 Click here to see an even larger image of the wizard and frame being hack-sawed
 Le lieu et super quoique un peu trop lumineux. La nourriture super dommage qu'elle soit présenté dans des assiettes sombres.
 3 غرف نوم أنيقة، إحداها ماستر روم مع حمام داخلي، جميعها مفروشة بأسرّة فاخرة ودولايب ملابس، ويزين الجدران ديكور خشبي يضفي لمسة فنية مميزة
---
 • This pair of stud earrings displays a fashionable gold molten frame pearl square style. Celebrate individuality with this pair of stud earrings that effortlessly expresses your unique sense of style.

** Problem statement **
What is needed is the count of lines in the records that include the word "frame", with no other text.

** Exercise solution **
2